1 To Patrick: Put the pudding out to thaw before you eat it or you'll crack a tooth
2 To Plankton: Dude, what the hell is Elrond from Lord of the Rings doing on this Nazi wall
3 To Mr. Krabs: And the cats in the cradle and the silver spoon, little boy blue and the man on the moon, when you're coming home dad I don't know when but we'll have a good time then dad, you know we'll have a good time then
This is so Mr Krabs worthy! - lolingdog9000
4 To Squidward: We must have been drinking last night cause I don't remember a thing
5 To Spongebob: Are you in love with Sandy cause there are rumors going around
I wonder how he would respond and react to this. - cosmo
6 To Sandy: Stop listening to Luke Bryan and Up the Irons!
7 To Larry: Have you ever heard of Duke Nukem?
8 To Gary: How do you feel about salt?
I think he might just prefer Pepper. - Puga
9 To Pearl: Oh my God, will you shut your freaking mouth? No one cares!

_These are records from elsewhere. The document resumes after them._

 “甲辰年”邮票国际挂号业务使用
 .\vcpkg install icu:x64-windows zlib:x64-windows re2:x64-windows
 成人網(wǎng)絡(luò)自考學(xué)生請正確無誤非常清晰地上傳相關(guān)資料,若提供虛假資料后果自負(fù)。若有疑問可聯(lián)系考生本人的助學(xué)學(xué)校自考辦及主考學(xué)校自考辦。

10 To Patrick: Have you ever thought of pulling off one of your arms and using it as a back scratcher? And the best part is that it might grow into another you that will eventually scratch everyone's backs. No more doing it all myself
11 To King Neptune: Last time I checked, you were green and had no muscles
12 To Karen: Careful don't break a nail. Oh that's right sorry my bad
13 To Squidward: That's quite a big head ya got there. And it has a nice living room to
14 To Patrick: How come your surprised picture is more popular than SpongeBob's?
Hmm... Good point
15 To SpongeBob: You're just perfect for my toilet
16 To Sandy: I'm just curious if you're dating Conker the Squirrel
17 To Squidward: Have you ever heard of Jack Benny?

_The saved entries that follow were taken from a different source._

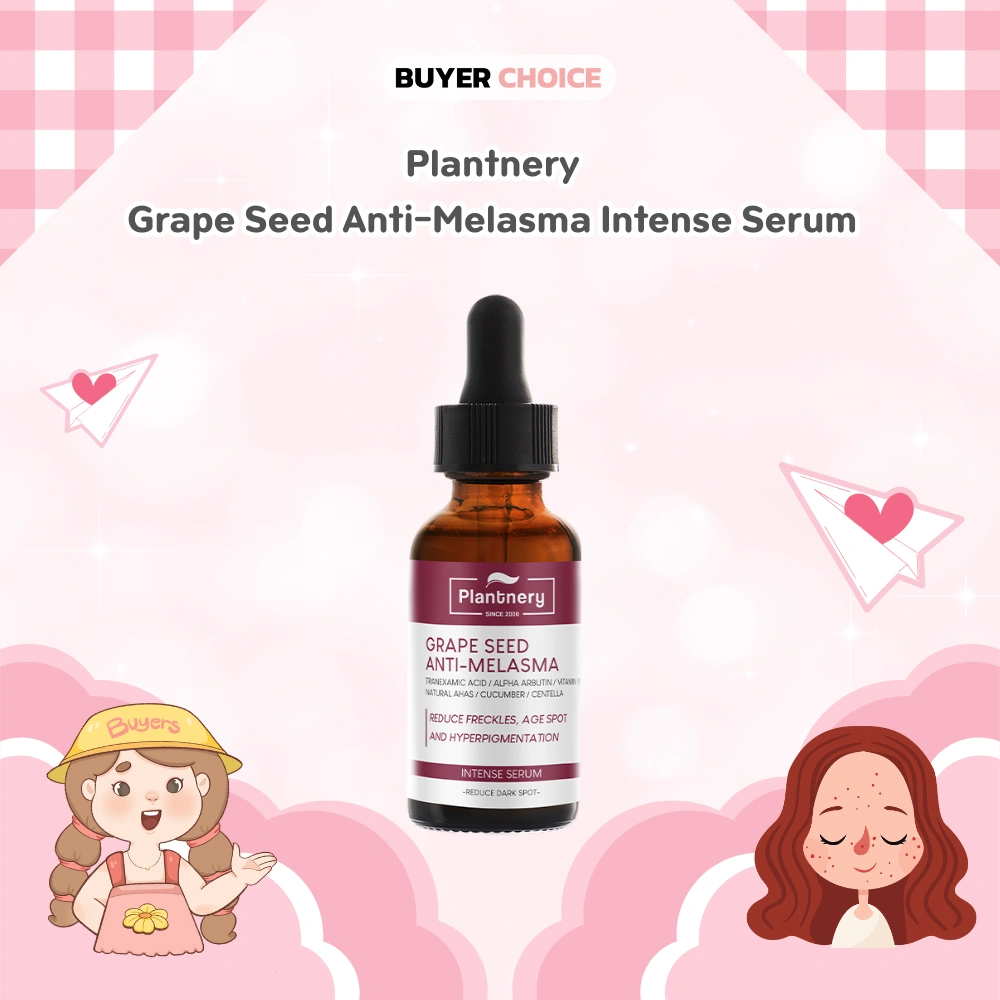 Grape Seed Anti-Melasma Intense Serum เซรั่มทาฝ้า ยี่ห้อไหนดี ช่วยบำรุงผิวอย่างล้ำลึก จัดการปัญหาฝ้า กระ จุดด่างดำได้อย่างเร่งด่วน ซึ่งเซรั่มทาฝ้าจาก Plantnery ตัวนี้ทำออกมาได้ตอบโจทย์สาวหน้าเป็นฝ้าสุด ๆ เพราะโดดเด่นด้วยสารสกัดจากธรรมชาติอย่าง Sclareolide สกัดจากรากต้น Clary Sage ทำหน้าที่เป็น Whitening คอยเคลียร์ผิวหมองคล้ำ รอยฝ้า กระ จุดด่างดำที่โดยทำร้ายจากแสง UV ให้กลับมาเนียนใสมากยิ่งขึ้น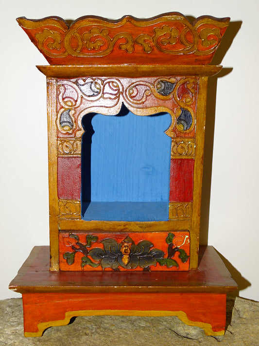 Sélection d'Autel en bois avec tiroir, peint à la main au Népal. 2 modèles au choix : 16.5x22x14 cm ou 36x22x9. Très belle qualité, motifs typiques !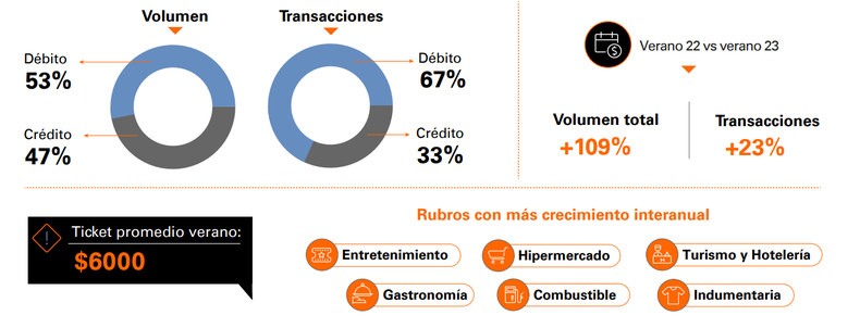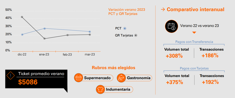 En total, en el verano 2023 los pagos con transferencias crecieron un 186% con respecto al mismo periodo del 2022, mientras que el pago con QR creció un 192%.

18 To Lord Royal Highness: I was wondering if you caught the last Ziggy Stardust concert in Atlantis
19 To SpongeBob: I'm just saying. Some people are gonna mistake you for a girl because of your long eyelashes
20 To SpongeBob: How can anyone take your jellyfishing skills seriously when you wear hipster glasses on your trip to Jellyfish Fields?
21 To The Flying Dutchman: Are you really Dutch?
22 To Pearl: How can you be a whale if your father's a crab?
23 To Mr. Krabs: Are you friends with Captain Byron Hadley?
24 To Mr. Krabs: Imagine if money could grow on trees. That way you would be outside more often. And I mean MORE often
25 To SpongeBob: If I'm pulling your leg, then how come it's already off?
26 To Mr. Krabs: How would you react if I said that money is the root of all evil?
27 To Patrick: That's the same surprised expression you had when you saw The NeverEnding Story III
28 To Patrick: No Patrick, Auto-Tune is not an instrument
Is mayonnaise an instrument? - lolingdog9000
29 To SpongeBob: Ya ever played SpongeBob SlendyPants?
30 To Sandy: Sandy Cheeks? Mmm! Those are some nice cheeks you got there under that tail of yours (Gets slapped) Ow! What did I say?
31 To SpongeBob: I wanted to visit Bikini Bottom, but my mom wouldn't let me because she mistook the name for "something else."
32 To Sandy: You look like you could be in NASA
33 To Plankton: Why do they call you by your own species? It's like calling your wife Karen "Computer" or something
His real name is sheldon - lolingdog9000
34 To Plankton: You better not take control of my brain. I have a huge history test tomorrow in class and I need to remember some things
35 To Plankton: Why would you be in love with Krabs's Mom? She's like a hundred years old!
36 To Angry Jack: Is it weird that you remind me of Jack Nicholson in The Shinning?
37 To Patchy the Pirate: You seriously need to see a doctor. SpongeBob ain't real ya know
38 To Potty the Parrot: It's embarrassing to see a puppet being more smarter than a human (Patchy)
39 To Painty the Pirate: Are you and Patchy related?
40 To Patrick: No Patrick, Jumbo was not a giraffe
41 To Squidward: You can still play music better than Lil Wayne
42 To SpongeBob: How can you keep your employee hat on if it has a brick of lead in it?
43 To Squidward: The reason Mr. Krabs goes to strip clubs is not because of the women...
44 To SpongeBob: I'm surprised to see you still standing up after so much accidents
This one was not supposed to be for SpongeBob. It was supposed to be for Fred.
45 To Fred: I'm surprised to see you still standing up after so many accidents
46 To Plankton: How can you take over the world? You're too small!
47 To Fred: Are you gonna beat up Nat for stealing your catchphrase?
48 To Squidward: Are you related to Paul the Octopus?
49 To Patrick: Your songwriting is nowhere near as bad as the crap that's on the radio today
50 To Sandy: Ya ever heard of the bassist Flea?